I listened to the arguments on representation by population. I understand its significance in the history of various countries. I also know, and it must have been repeated today, that the intellectuals who work for the parties and those who teach university students have a different understanding of representation by population than the Conservative party. At the time of Confederation, it was agreed that representation by population did not mean a strict representation based on the population, but a representation based on the population as it was recognized at the time of Confederation.

I want to stress the conditions that make it so that Quebec's population cannot increase as quickly. You know why, as do the members across the way from Quebec. It is necessary, in my humble opinion, to recognize, as the members of the National Assembly of Quebec have done unanimously, that Quebec, whose culture is deeply rooted in its French origins and whose doors have been opened wide to immigrants, still has a serious problem: getting its many immigrants who come from various countries and who have settled in a country next to the United States, whose population overwhelmingly speaks English, to adopt its French-language culture.

We know—and it needs to be stated and recognized today—that in world history and for some time, the dominant language was French, especially in terms of diplomacy. Today, the lingua franca, that used to be French, is said to be English.

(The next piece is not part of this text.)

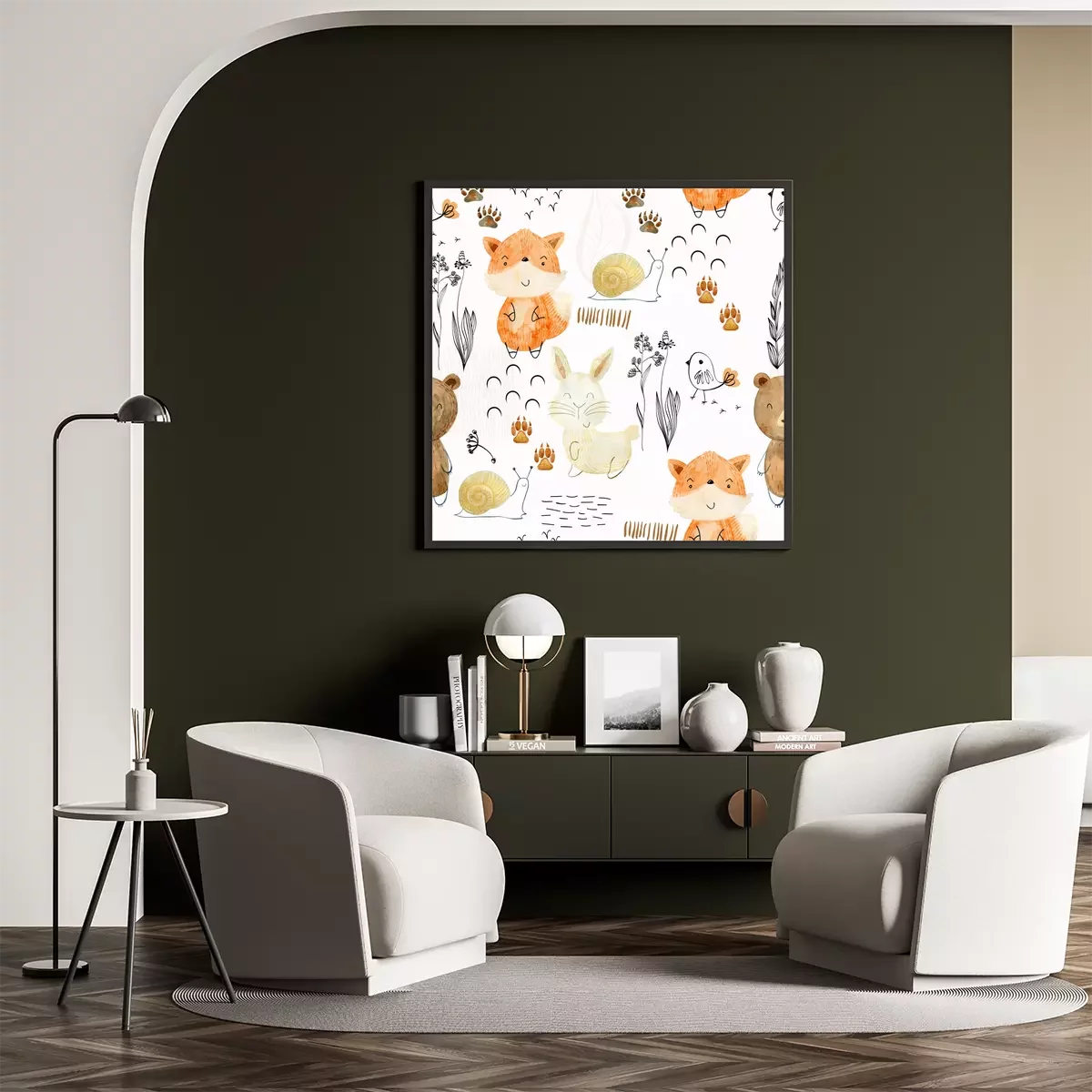 Poster: Bären, Füchse und Hasen in Erdfarben

Not only are the immigrants arriving in British Columbia and Alberta predisposed to learn English, but they often already speak it because they learned it in their home countries. It is extremely easy for them to integrate, even though we do not agree with Canada's multicultural policy as it tends to lead to ghettos.

But in Quebec, even though Quebeckers are extremely open, this is clearly harder for them. They need to find appropriate ways to help immigrants integrate—I am not saying “assimilate”—into Quebec's culture and learn French. When I say that Quebec has to find ways to do this, I should point out that the government thought Bill 101 was one way to help immigrants integrate. But what happened was that people and parents got together with foundations or wealthy people to take advantage of a provision of Bill 101 that allowed children who had gone to English-language private schools to then be educated in the English public school system, at no cost. People would pay tuition in the English private school system for one, two or three years to ensure that not only one child, but his or her brothers and sisters and their descendants could go to school in English. That is significant.

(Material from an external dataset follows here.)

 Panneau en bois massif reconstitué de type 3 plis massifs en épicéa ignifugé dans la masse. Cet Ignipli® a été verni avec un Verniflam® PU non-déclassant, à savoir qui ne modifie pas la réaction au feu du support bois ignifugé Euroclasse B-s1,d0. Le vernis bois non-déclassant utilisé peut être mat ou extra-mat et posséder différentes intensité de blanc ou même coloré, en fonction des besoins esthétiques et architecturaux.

It means that, to increase its population, Quebec has to attract immigrants that it must try hard to integrate into the French language and culture, but it faces some major obstacles.

Is it normal that despite Quebec's openness to immigration and despite the recent rise in the birth rate that everyone is so happy about, population growth in Quebec is slower? No, but it is not surprising.

I am very sad in one way and very angry in another that we are being forced into this fight, because there is no other way to resolve this issue.